Following this change the directory to this directory

          cd 2GQG_Experiment

Use the mkdir command in your linux operating system to make all these directories to store your files for the experiment


II. Protein and Ligand Preparation

For the first step open up your chimera, go to file and fetch by ID to retrieve the PDB file 2GQG.

The Kinase is dimerized with another kinase to form 2 different chains so delete one of these chains. To produce the resulting image shown in Figure 1.

Check the structure

Read over the information for this protein-ligand complex to determine the charge and environment of the structure to make sure everything is correct. Make sure that there are no issues with the molecules, that aren't physically possible because otherwise they do not accurately represent the experimentally known.

Receptor Preparation

Open up the 2GQG.pdb file, Delete all non standard residues in the structures including the solvent molecules, water and the ligand. To do this task, go in chimera to select->residue->all-nonstd atoms. Following this delete these molecules.

Unique features specifically to this receptor, Delete the Phosphorous atom from this file because it isn't close to the docking site and this phosphorous atom is significantly difficult to parameterize. Also swap two of the residues in the protein structure, the PTR residue on residue 172 with TYR and the ARG residue on 164 with another ARG. To swap these residues, change these residue structures

Use this command line to switch the residue. This swaps the current 172 residue on chain a with tyr. Use this same command to swap the argine residues.

          swapaa tyr :172.a

Delete all the H's remaining on the receptor using the chimera database select->chemistry->elements->H. Then delete using the Actions->Atoms/bonds->delete command. Save this receptor as 2GQG_receptor_noH.mol2 using the command File->save mol2

Using the 2GQG_receptor_noH.mol2 add H's to the receptor with the command tools->structural editing->add H. Following this add amber charges to the molecule using the command tools-> structural editing-> add charge. The charge you should add are AM1BCC charges to the residues.
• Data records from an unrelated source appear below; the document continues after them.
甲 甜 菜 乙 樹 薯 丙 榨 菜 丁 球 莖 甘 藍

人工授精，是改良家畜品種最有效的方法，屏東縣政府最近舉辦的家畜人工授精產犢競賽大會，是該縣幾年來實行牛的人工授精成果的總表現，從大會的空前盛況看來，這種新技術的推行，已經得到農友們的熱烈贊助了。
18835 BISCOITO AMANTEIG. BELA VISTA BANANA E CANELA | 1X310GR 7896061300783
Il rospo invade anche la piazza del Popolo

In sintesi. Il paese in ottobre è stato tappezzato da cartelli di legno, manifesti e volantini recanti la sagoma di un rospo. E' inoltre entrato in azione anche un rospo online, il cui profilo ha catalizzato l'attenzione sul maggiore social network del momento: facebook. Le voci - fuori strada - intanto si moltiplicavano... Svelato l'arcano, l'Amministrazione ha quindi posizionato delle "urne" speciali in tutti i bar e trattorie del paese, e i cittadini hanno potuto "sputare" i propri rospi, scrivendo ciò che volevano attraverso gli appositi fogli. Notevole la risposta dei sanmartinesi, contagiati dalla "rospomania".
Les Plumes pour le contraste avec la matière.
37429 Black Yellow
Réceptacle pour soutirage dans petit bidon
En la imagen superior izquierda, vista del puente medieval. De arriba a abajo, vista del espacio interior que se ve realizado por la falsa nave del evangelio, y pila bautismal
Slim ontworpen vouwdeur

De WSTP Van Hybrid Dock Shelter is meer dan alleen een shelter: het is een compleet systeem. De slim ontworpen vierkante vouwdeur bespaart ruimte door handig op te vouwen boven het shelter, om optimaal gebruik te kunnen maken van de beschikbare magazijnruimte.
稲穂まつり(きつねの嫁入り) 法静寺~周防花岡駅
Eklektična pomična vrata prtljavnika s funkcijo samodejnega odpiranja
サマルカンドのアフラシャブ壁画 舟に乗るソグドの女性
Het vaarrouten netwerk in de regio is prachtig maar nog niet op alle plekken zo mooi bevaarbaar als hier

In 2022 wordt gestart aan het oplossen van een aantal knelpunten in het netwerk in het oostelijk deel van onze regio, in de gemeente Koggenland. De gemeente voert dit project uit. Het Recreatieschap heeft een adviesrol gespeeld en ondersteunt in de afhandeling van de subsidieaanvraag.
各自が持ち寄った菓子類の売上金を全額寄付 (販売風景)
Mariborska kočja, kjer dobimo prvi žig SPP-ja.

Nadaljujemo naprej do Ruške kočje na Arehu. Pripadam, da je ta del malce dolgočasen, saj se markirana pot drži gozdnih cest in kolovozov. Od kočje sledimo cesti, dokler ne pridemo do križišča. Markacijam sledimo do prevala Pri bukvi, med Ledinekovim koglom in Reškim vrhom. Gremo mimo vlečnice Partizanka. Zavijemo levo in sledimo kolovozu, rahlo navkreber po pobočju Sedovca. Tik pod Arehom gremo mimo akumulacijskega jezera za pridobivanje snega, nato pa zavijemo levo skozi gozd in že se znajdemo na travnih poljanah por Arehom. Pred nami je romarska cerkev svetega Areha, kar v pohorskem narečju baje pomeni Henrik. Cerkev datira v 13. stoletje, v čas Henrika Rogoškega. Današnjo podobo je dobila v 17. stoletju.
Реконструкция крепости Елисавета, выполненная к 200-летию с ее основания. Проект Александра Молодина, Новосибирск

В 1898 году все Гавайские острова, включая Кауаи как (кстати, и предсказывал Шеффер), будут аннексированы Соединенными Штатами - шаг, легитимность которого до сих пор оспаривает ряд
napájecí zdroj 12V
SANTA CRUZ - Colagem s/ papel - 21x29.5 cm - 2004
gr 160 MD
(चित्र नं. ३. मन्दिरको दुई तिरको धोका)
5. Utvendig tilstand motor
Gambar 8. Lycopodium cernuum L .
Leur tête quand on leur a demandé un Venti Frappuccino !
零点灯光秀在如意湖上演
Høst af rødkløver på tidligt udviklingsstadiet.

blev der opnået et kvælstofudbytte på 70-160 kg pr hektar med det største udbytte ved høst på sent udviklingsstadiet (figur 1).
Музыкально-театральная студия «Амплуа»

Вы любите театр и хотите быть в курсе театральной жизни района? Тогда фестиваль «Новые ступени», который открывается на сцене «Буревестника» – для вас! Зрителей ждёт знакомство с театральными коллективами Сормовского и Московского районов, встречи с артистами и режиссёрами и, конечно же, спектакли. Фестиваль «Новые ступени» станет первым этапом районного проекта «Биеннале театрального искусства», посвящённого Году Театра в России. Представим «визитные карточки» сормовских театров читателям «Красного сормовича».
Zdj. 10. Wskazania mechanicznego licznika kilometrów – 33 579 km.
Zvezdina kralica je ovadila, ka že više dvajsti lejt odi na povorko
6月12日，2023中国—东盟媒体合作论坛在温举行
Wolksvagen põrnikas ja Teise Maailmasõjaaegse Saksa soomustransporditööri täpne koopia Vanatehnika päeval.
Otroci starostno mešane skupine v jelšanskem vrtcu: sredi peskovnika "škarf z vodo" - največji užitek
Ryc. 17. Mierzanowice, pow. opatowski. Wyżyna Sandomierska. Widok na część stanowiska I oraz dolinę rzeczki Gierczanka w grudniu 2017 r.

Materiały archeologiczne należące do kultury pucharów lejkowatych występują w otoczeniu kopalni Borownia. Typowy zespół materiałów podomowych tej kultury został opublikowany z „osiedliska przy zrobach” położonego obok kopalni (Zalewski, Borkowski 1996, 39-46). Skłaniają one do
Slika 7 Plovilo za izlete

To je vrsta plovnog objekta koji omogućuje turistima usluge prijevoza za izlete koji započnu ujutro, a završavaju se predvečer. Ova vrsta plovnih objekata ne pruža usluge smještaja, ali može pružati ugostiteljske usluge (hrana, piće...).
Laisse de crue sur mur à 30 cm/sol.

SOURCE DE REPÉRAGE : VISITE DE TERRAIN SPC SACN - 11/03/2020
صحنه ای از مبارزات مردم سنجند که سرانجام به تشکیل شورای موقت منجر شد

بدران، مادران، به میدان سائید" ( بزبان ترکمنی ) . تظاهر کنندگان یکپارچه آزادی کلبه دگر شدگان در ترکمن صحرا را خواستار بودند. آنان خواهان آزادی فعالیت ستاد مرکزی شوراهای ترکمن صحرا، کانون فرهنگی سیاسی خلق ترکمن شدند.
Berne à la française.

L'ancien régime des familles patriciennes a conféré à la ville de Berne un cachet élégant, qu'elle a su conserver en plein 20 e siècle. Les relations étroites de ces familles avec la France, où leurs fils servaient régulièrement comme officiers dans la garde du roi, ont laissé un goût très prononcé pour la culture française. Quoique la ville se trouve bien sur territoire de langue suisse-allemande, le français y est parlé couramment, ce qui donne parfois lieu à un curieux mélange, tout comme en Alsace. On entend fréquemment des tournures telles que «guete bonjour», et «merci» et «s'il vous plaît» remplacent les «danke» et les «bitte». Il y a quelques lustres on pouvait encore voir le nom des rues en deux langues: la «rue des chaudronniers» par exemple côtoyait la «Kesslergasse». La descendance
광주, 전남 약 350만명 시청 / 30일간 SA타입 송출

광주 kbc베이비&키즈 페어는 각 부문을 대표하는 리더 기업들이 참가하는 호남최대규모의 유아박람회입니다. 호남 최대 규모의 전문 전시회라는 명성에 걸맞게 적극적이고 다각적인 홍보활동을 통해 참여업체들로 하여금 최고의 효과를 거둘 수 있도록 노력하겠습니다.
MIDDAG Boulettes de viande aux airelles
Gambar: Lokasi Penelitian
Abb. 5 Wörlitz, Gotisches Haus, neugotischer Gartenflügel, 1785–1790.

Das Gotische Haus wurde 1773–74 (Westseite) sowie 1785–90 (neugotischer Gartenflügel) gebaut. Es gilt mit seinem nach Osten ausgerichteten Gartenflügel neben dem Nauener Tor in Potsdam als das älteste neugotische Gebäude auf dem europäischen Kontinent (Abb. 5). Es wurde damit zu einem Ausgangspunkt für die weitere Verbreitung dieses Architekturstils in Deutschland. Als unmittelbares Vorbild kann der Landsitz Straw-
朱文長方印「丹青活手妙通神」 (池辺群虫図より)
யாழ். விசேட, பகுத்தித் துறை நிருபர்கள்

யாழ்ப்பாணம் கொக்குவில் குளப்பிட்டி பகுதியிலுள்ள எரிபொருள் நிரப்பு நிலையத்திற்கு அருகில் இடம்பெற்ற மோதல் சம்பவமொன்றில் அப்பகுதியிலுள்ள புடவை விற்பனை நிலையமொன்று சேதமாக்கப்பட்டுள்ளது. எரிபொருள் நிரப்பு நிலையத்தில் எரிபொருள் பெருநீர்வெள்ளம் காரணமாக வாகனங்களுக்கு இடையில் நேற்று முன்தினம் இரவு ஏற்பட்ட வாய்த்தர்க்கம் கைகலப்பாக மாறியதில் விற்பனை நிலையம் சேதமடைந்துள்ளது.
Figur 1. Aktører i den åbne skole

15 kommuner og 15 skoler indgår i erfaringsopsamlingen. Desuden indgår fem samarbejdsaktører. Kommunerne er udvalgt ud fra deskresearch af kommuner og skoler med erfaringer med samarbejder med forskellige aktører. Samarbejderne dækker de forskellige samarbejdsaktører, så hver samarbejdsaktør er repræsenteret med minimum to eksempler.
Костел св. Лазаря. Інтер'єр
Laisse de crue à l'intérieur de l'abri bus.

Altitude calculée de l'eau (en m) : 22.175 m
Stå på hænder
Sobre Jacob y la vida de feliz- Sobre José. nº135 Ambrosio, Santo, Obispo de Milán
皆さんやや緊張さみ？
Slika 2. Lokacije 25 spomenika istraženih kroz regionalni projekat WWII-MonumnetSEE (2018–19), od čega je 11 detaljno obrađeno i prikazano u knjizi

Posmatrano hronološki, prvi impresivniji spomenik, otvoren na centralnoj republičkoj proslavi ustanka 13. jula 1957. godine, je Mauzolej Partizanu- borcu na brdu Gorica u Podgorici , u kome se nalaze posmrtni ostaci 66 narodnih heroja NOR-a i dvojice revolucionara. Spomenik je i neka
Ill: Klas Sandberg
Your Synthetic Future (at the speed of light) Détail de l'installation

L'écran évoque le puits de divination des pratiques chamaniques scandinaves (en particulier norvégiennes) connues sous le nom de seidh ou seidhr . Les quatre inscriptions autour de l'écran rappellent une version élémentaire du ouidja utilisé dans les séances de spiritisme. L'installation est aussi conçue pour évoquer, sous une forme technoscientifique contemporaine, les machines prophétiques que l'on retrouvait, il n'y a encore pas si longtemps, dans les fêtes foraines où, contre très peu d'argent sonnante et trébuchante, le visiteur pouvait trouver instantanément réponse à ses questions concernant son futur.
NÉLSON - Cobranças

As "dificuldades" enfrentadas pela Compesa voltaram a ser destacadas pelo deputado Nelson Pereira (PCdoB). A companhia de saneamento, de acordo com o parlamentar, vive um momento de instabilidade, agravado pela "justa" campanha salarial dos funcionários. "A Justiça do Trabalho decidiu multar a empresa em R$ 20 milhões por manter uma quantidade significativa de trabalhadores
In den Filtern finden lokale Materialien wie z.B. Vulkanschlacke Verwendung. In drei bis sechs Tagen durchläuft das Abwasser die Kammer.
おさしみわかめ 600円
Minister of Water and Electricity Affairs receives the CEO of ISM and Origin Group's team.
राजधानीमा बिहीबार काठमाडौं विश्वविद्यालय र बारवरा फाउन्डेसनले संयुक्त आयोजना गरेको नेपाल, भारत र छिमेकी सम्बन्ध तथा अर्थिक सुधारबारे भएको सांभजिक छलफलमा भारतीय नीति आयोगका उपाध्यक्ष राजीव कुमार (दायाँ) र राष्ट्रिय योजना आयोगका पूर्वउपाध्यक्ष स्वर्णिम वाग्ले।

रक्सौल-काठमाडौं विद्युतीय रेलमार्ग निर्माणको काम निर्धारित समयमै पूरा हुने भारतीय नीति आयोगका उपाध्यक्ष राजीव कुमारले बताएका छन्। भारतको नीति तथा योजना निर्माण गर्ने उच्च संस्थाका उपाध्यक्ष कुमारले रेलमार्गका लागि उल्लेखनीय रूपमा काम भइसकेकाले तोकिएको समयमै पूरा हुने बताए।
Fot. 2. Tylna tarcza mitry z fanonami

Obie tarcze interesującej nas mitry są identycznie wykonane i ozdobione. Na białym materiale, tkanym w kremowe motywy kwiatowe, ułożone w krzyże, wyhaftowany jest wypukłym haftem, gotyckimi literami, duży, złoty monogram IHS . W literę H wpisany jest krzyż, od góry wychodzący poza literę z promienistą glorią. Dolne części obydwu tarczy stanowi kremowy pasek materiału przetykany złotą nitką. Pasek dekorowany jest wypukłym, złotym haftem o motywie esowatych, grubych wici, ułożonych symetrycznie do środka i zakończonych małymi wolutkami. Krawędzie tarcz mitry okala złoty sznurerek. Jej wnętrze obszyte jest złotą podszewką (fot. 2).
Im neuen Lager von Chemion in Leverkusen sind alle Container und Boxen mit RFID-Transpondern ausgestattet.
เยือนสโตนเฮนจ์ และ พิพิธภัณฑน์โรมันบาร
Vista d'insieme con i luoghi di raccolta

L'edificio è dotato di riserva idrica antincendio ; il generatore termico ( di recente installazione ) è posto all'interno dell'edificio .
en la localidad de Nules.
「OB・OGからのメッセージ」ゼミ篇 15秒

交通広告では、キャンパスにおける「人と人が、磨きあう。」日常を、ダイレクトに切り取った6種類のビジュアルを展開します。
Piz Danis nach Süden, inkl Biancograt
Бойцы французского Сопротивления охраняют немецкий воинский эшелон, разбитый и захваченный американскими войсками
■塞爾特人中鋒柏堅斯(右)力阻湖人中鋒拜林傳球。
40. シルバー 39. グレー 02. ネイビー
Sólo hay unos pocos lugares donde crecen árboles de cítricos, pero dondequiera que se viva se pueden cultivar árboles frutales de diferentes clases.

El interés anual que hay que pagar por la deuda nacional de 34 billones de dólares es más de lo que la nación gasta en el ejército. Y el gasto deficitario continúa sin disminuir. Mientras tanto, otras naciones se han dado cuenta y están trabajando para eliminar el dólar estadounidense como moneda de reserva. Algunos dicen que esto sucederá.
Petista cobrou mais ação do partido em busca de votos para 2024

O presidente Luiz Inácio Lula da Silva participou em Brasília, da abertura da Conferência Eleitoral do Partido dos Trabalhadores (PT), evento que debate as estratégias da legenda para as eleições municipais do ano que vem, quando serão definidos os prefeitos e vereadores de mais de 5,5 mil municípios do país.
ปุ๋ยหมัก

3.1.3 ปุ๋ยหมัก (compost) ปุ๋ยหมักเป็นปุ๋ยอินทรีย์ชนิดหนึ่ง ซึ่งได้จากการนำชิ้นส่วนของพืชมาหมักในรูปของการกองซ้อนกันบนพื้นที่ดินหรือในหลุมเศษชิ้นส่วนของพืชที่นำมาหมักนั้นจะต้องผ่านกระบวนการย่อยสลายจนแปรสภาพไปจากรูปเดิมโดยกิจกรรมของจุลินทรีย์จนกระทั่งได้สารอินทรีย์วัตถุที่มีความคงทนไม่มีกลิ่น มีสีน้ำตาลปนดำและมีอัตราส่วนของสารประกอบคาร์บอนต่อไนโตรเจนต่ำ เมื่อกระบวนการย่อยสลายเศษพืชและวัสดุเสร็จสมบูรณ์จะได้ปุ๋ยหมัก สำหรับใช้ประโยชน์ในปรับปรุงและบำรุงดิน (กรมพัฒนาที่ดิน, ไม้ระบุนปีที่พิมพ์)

Without these charges the coulomb's interaction wouldn't be calculated in the docking software.

Save the receptor as 2GQG_receptor_wH.mol2

Ligand Preparation

Open up the original PDB file in chimera, identify which nonstandard reside is the ligand using the select->residues->nonstd amino acid. Once the ligand has been selected use the inverted selected models select->invert(selected models) to select everything besides the ligand and delete these structures.

Add the hydrogens and AM1BCC charges to the ligand structure. Save this structure as 2GQG_ligand_wH.mol2

Add all these files into the 01.dock_prep directory

III. Generating Surface and Spheres

The purpose of this part is determine the anchor positions on the protein which is where the ligands will grow from.

DMS File Preparation

Open the 2GQG_receptor_noH.mol2 within Chimera, make sure to use the receptor file with no H.

First calculate the surface shape of the receptor using action-> surface -> show

Save this sphere file into a DMS file using the command Tools-> Structural Editing -> Write DMS and save as 2GQG_receptor_noH.dms

Generating Spheres

change directories into the 03.surface_spheres directory

      cd 03.surface_spheres

Create a new file titled INSPH using the vim command in linux, then type the following into the INSPH file

      vim INSPH

This file generates all the spheres that are capable of occupying the protein.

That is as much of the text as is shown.